Research reproducibility is a big concern these days, but a trio of Stanford University researchers wonders in Science Translational Medicine what people actually mean when they talk about reproducibility.
Does reproducibility mean being able to replicate a study and its results using the same materials or with a separate dataset? Or does it mean that the study was reliable, Stanford's John Ioannidis and his colleagues ask. "The fundamental concern … is, in fact, not reproducibility per se, but whether scientific claims based on scientific results are true," they write.
He and his colleagues then propose new terms to describe the various facets of reproducibility. In their lexicon, 'methods reproducibility' refers to the ability to re-conduct an experiment with the same data and tools to get the same results; 'results reproducibility' means being able to replicate the study independently to produce corroborating results; and 'inferential reproducibility' refers to drawing similar conclusions from a study replication or re-analysis.

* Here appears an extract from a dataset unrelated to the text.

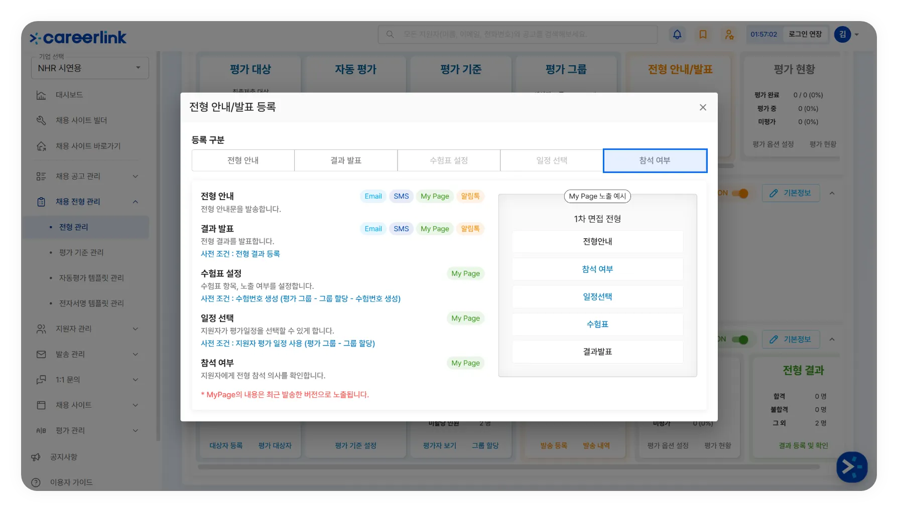 [채용 전형 관리] → [전형 관리]에 접속하여 희망하는 공고의 전형에 있는 ‘발송등록’을 클릭합니다.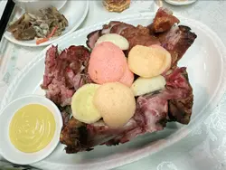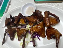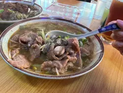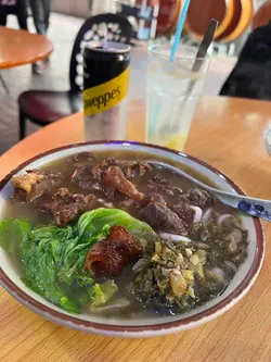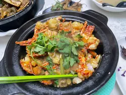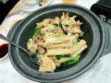 欄杆間,香氣撲鼻,我就是被這引誘进了三坡坊的食堂。無名氏的食堂,但料理絕不無名。首先上來的招牌上海雲吞麵,簡直太襯心意啦!啲雲吞啖啖肉感,飽滿得滋滋直落,湯頭清甜,絲毫不膩。🍜紅燒牛筋腩麵盡顯扎實功夫,牛筋嗲得滑溜溜,牛腩卻爽口得嚟又唔會太難咬,簡直係牙齒嘅恩物。😋 麵條吸滿咗牛腩湯底嘅精華,齣色!秘製豬扒,外皮香烤得啱啱好,一啖咬落去又香又腍,肉汁滲透每一寸味蕾。而五香牛展就更加出彩,香滑火侯恰到好處,五香味撲鼻,食得我連聲稱讚!嗲心的啫啫爆龍蝦跟埋賣相一流嘅避風塘炒虎蝦,每一口都爆出海的鮮美,辣椒蒜香揮散不去,留喺舌尖上嘅熱浪令人回味無窮。🦞👍食物多多,意猶未盡,就連蚵仔煎同五香鳳爪都令人心癮難耐,只能說,下次再戰,三坡坊嘅味道,係永遠食唔膩嘅浪漫。…查看更多

At Stat News, Ivan Oransky and Adam Marcus from Retraction Watch note that Ioannidis and his colleagues don't weigh in on whether or not there is a reproducibility crisis, but do say researchers need to better share their data, methods, and other information that's important for the experimental process.
They also laud Ioannidis and his colleagues' attempt to clarify just what is under discussion. "In the tale of Chicken Little, reasonable farm animals could disagree about whether the sky was falling, but no one had any misconceptions about what the petite poulet was chirping about," Oransky and Marcus write. "The discussion of reproducibility needs its own lingua franca."